Pengusaha Mengeluh Diperas Ormas, Waspadai Bahaya Besar Ini Bagi RI
Jakarta, PANGKEP NEWS – Aksi premanisme yang dilakukan oleh ormas terhadap dunia usaha serta masyarakat luas menciptakan kekhawatiran. Banyak pelaku usaha merasa takut menjalankan bisnis karena khawatir akan dipalak oleh aksi premanisme ormas ini.
“Kericuhan ini disebabkan oleh kurang tegasnya pemerintah terhadap ormas.
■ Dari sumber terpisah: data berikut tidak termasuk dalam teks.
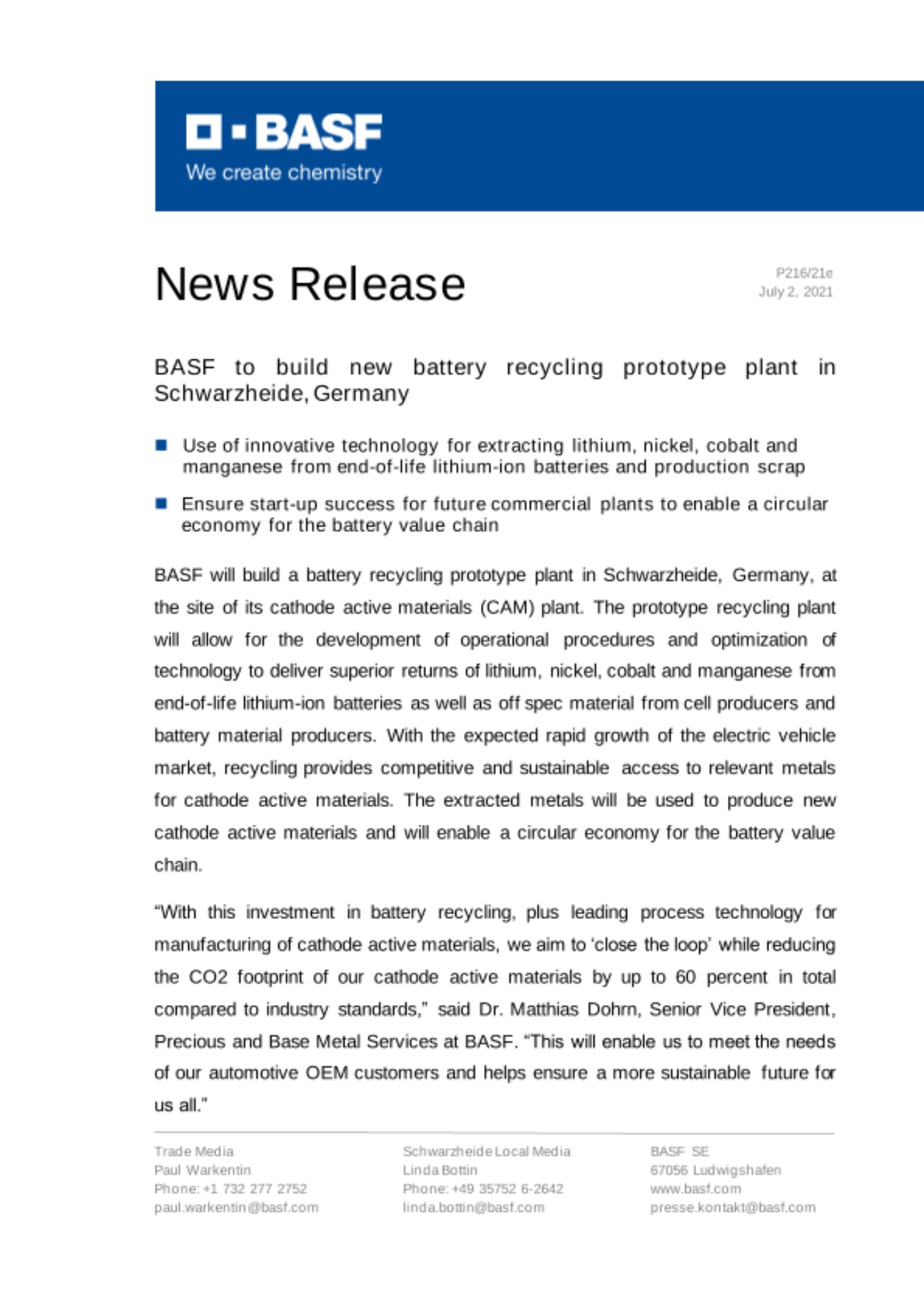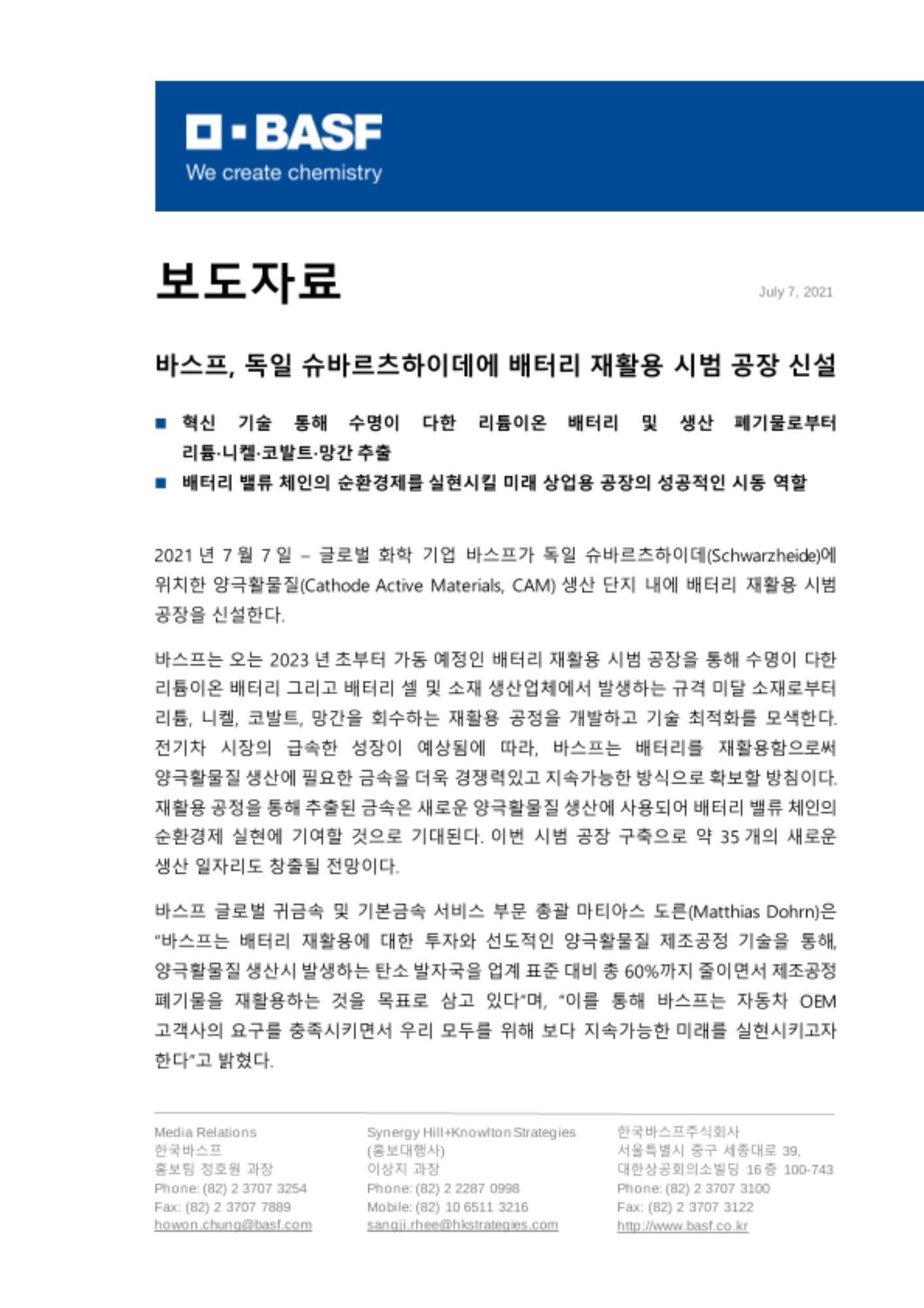 2021년 7월 7일 – 글로벌 화학 기업 바스프가 독일 슈바르츠하이데(Schwarzheide)에 위치한 양극활물질(Cathode Active Materials, CAM) 생산 단지 내에 배터리 재활용 시범 공장을 신설한다.
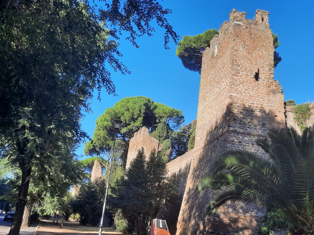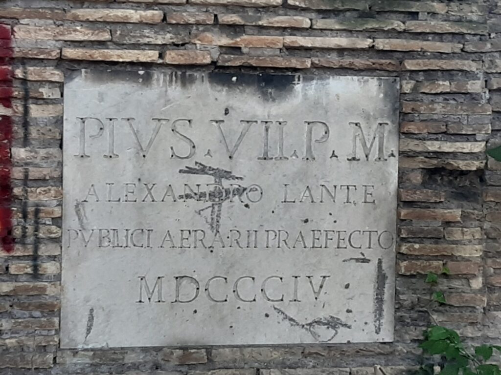 Murata sul braccio che collegava le mura al Tevere, la lapide, posta dal tesoriere pontificio Alessandro Lante, si trova nel tratto di muro, oggi gravemente compromesso, che collega la cinta al Tevere. Il testo dell’iscrizione, in caratteri capitali, è il seguente: Pius VII P M /Alexandro Lante / Publici Aerarii Praefecto / MDCCCIV.

Ini bisa mengancam investasi di Indonesia karena kenyamanan mereka terganggu,” ungkap Direktur Eksekutif Indef Esther Sri Astuti kepada PANGKEP NEWS, Rabu (30/4/2025).
Akhir-akhir ini, banyak pabrik di sektor padat karya yang menutup usahanya, termasuk tekstil. Hal ini menambah masalah baru yaitu meningkatnya pengangguran.
Karena kesulitan mendapatkan pekerjaan baru dan kondisi ekonomi yang terjepit, beberapa masyarakat diperkirakan mencari jalan pintas dengan bergabung dengan ormas. Namun, menurut Esther, bergabungnya sebagian masyarakat ke dalam ormas disebabkan oleh faktor lain.
“Ini bukan semata karena kesulitan ekonomi. Ada orang-orang yang memang memiliki ketertarikan di ormas,” ujar Esther.
Pemerintah dan penegak hukum harus bertindak cepat untuk menghentikan praktik pemerasan ini. Jika tidak, investor mungkin akan lebih memilih negara lain daripada Indonesia.
“Jika situasi ini dibiarkan, akan banyak pabrik yang keluar dari Indonesia, dan jumlah pengangguran akan meningkat, membuat lebih banyak orang kehilangan pekerjaan,” kata Esther.
Di sisi lain, pengamat properti Aleviery Akbar mengatakan bahwa keberadaan ormas dapat membuat investor merasa tidak nyaman, termasuk dalam kasus pembangunan mobil listrik BYD di Subang. Selain itu, juga akan menambah biaya bagi pelaku usaha yang akhirnya dapat membebani konsumen atau masyarakat.
“Aksi premanisme dalam pembangunan di sektor properti sebenarnya bukan hal baru dan telah lama berlangsung, namun menjadi viral karena melibatkan pabrik besar Kendaraan Listrik di Subang. Biaya ekonomi yang dikeluarkan karena tindakan ormas atau premanisme ini sulit diperkirakan, tetapi jelas sangat mengganggu ekosistem investasi di Indonesia,” jelas Aleviery.
Sebelumnya, beberapa pengusaha menyatakan keresahan mereka akibat tindakan premanisme ormas, seperti meminta Tunjangan Hari Raya (THR) hingga jatah proyek. Mereka termasuk Ketua Umum Asosiasi Pengusaha Indonesia (Apindo) Shinta Kamdani, Ketua Umum Dewan Minyak Sawit Indonesia (DMSI) Sahat Sinaga, Ketua Umum Persatuan Hotel dan Restoran Indonesia (PHRI) Hariyadi Sukamdani, Ketua DPD Asosiasi Pengusaha Truk Indonesia (Aptrindo) Banten Syaiful Bahri, Ketua Umum Himpunan Industri Mebel dan Kerajinan Indonesia (HIMKI) Abdul Sobur, Wakil Ketua Umum Asosiasi Pertekstilan Indonesia (API) Ian Syarief, hingga Ketua DPD Asosiasi Pengusaha Truk Indonesia (Aptrindo) Banten Syaiful Bahri.